TITLE:
Conceptual Model of Aquifers in the Bedrock Zone of the Marahoué Watershed (Centre-West of Ivory Coast)
AUTHORS:
Kouassi Désiré Bouatrin, Innocent Kouassi Kouame, Aristide Gountôh Douagui, Kouamé Auguste Kouassi, Bi Tié Albert Goula
KEYWORDS:
Marahoué Watershed, Conceptual Model, Ivory Coast
JOURNAL NAME:
Journal of Geoscience and Environment Protection,
Vol.10 No.7,
July
27,
2022
ABSTRACT: Marahoué watershed, located in the Center West of Côte d’Ivoire, has
experienced significant population growth in recent decades. And a major
economic boom linked to intense agricultural activity and the presence of
certain industries. This population growth is also accompanied by seasonal
water shortages. Hence it needs to better manage the basin’s groundwater, which is a permanent resource
and more resistant than surface water to climatic hazards. The objective of
this study is therefore to propose a conceptual model of hydrogeological flow
for the sustainable exploitation of groundwater resources in the Marahoué
watershed. The establishment of the conceptual model was carried out in two
stages. The first step consisted in defining the stratigraphic units. For this
purpose, three units have been defined.
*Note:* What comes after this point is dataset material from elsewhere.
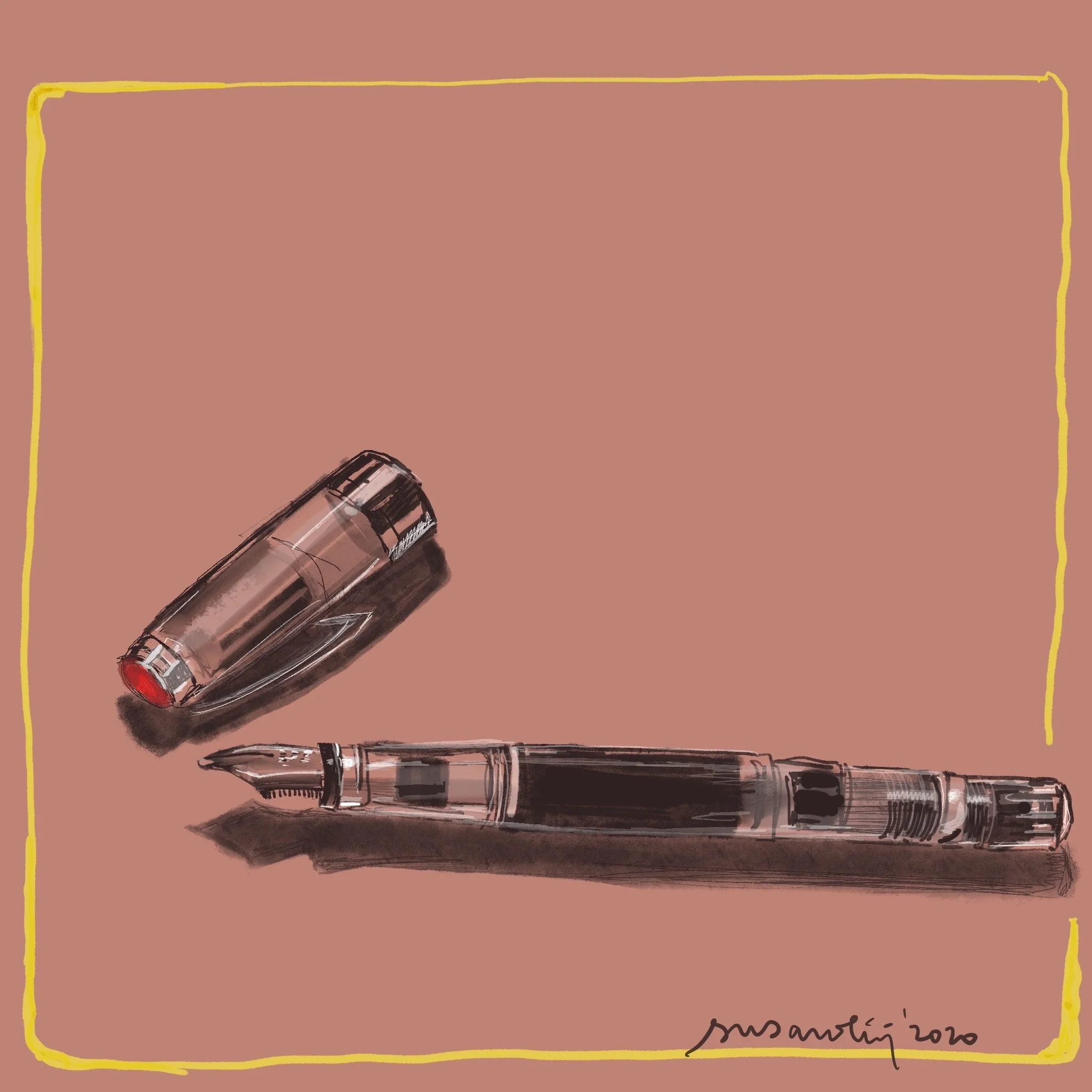 This is a digital drawing of my fountain pen. It’s done on procreate, and it has the feel of something real because I see the right elements, like the shine of the transparent exterior on the fountain pen and so I put those elements in the places that would show an illusion of shine.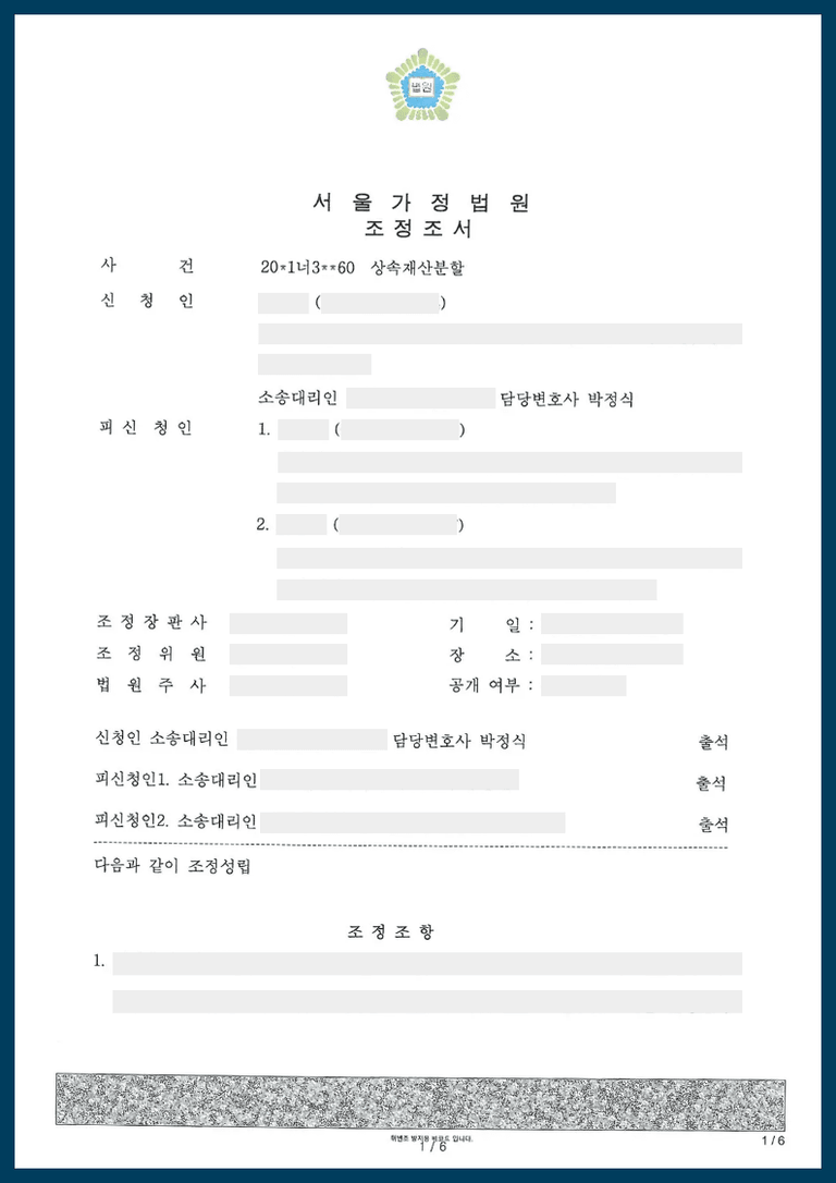 ③ 딸이 피상속인을 간병하고 부양한 기간이 불과 2~3년 정도인 점으로 보아 자녀의 부양의무를 넘어 선 특별한 부양으로 보기 어려워 딸의 기여분을 인정하기 어렵다고 판단하여, 상속재산 중 부동산은 신청인이 단독으로 소유하는 것으로 분할하고, 금융재산은 1/3씩 분할하고, 신청인이 부동산 가액의 1/3에 해당하는 가액을 피신청인들에게 각 지급하는 것으로 조정이 성립된 사안입니다.

These are the layer of alterite, the
useful fissured horizon and the sound basement. The thickness of the layer of
alterite varies from 0 to 80 m with an average of 26 m. As for the useful
fissured horizon, its thickness is between 43 and 46.5 with an average of 45 m.
In addition, the roof of the basement presents a slightly uneven morphology
with a North-West, South-East dip and the altitudes are between 150 and 390 m. The second
step corresponds to the phase of determining the hydrodynamic parameters.
During this phase, the crack porosity, the
transmissivity, the conductivity, the storage coefficient, the hydrological
balance and the piezometric map were determined. Indeed, these parameters (the
crack porosity, the transmissivity, the conductivity and the storage coefficient) confirm not only the
heterogeneity of the medium but that the cracked horizon is sufficiently
porous to be assimilated to an equivalent continuous medium during the
simulation.